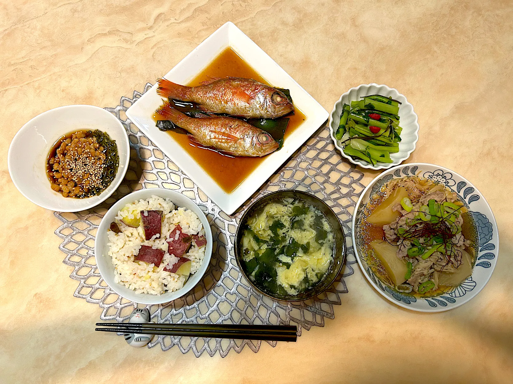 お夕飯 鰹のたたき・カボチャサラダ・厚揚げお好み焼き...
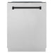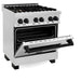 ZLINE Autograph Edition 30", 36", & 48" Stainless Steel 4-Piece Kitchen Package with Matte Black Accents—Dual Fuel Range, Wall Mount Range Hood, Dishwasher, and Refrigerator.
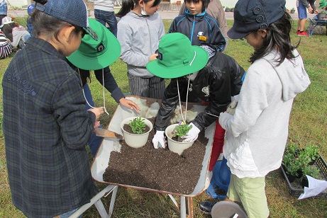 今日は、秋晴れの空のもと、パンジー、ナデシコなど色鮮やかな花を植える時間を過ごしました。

__________________________________________________

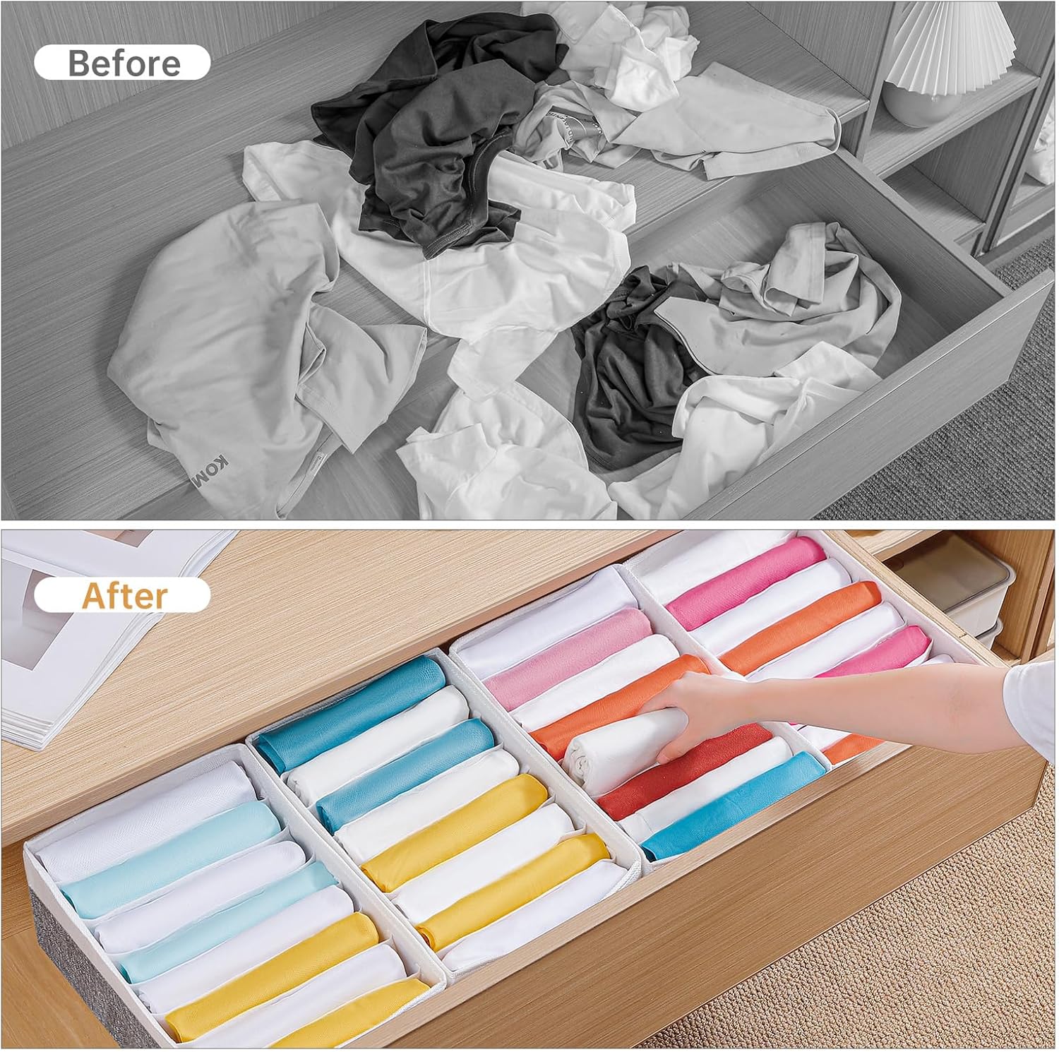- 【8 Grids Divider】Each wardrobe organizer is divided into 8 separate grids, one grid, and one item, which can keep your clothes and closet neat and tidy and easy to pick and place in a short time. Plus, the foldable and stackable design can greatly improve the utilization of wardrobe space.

__________________________________________________

• Your task: In the records above, everything from the line with "お夕飯 鰹のたたき・カボチャサラダ・厚揚げお好み焼き..." down to the line with "今日は、秋晴れの空のもと、パ" must be duplicated exactly, both lines kept. Leave no pictures in.

• Output of the exercise:
 お夕飯 鰹のたたき・カボチャサラダ・厚揚げお好み焼き...
 ZLINE Autograph Edition 30", 36", & 48" Stainless Steel 4-Piece Kitchen Package with Matte Black Accents—Dual Fuel Range, Wall Mount Range Hood, Dishwasher, and Refrigerator.
 今日は、秋晴れの空のもと、パンジー、ナデシコなど色鮮やかな花を植える時間を過ごしました。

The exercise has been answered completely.